Raised on a healthy diet of US pop icons from the late ‘90s and early ‘00s, when Kim was growing up she would recreate music videos relentlessly in her room as a means of finding solace. “I always imagined pop music being the escape from my life which I didn’t like as a teenager at all,” she recalls. “I loved Britney, Gwen [Stefani], Madonna, Cindy Lauper, Boy George, Jojo, Destiny’s Child, Rihanna. All of them were like my friends because I didn’t really have any friends.”
Wanting to make music herself, she would obsessively look up the names on the back of her CDs, becoming intrigued by the songwriters she discovered and following all of their work. By the time the singer was in her mid-teens, she had amassed a back catalogue of around 500 songs that she’d made in her bedroom, but the notoriety surrounding her transition stopped people from recognising her promising talent as an artist. “In Germany, labels definitely didn’t want to work with me,” she remembers. “I did documentaries when I was a young kid about being transgender, so then in Germany I just had the ‘transgender kid from TV’ stamp. I couldn’t find anybody who wanted to work with me or who fucked with my music or thought I was talented.”

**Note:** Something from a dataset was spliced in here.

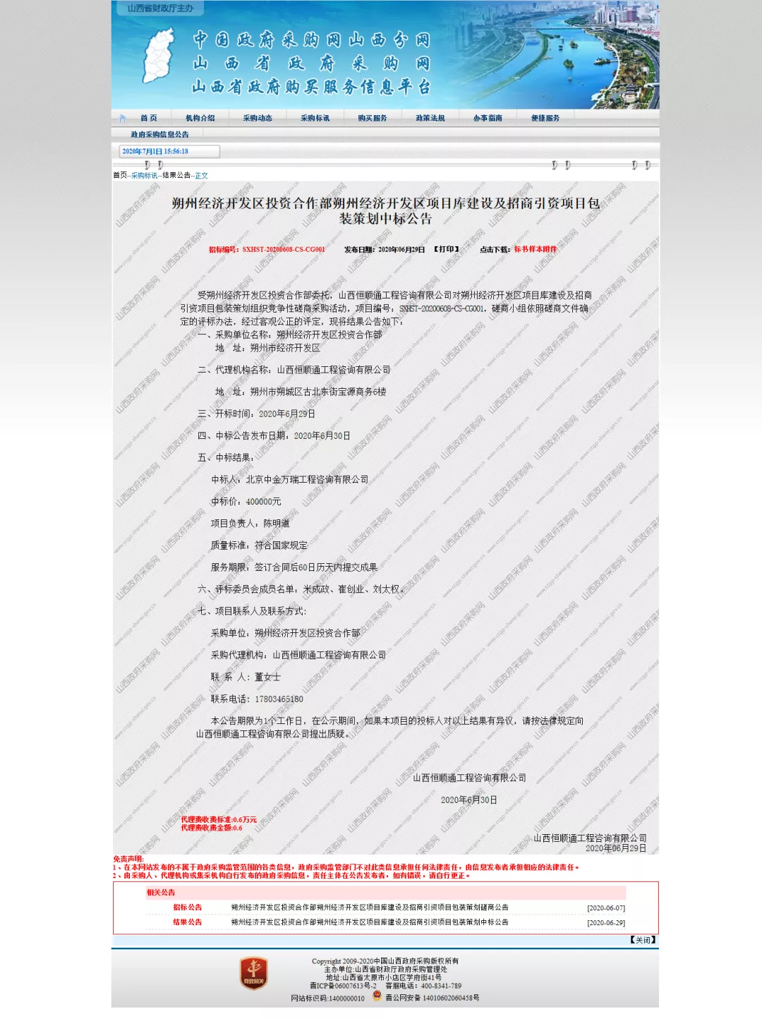 2020年6月29日,山西省政府采购网发布《朔州经济开发区项目库建设及招商引资项目包装策划中标公告》,我公司成功中标。

In the hope of having more success and becoming like her pop idols, Kim decided to move to LA when she was 19. Arriving in the US to a country where no-one knew her back story, she began writing for other artists before eventually being offered her own publishing deal. But when she started to approach labels, the same obsession over her transition reoccurred. “In the beginning, it was so hard,” she recalls. “Everyone had so much shit to say and I just wanted to be known for my music, and for what I’ve worked on for all of my life, and for what I’m really proud of.”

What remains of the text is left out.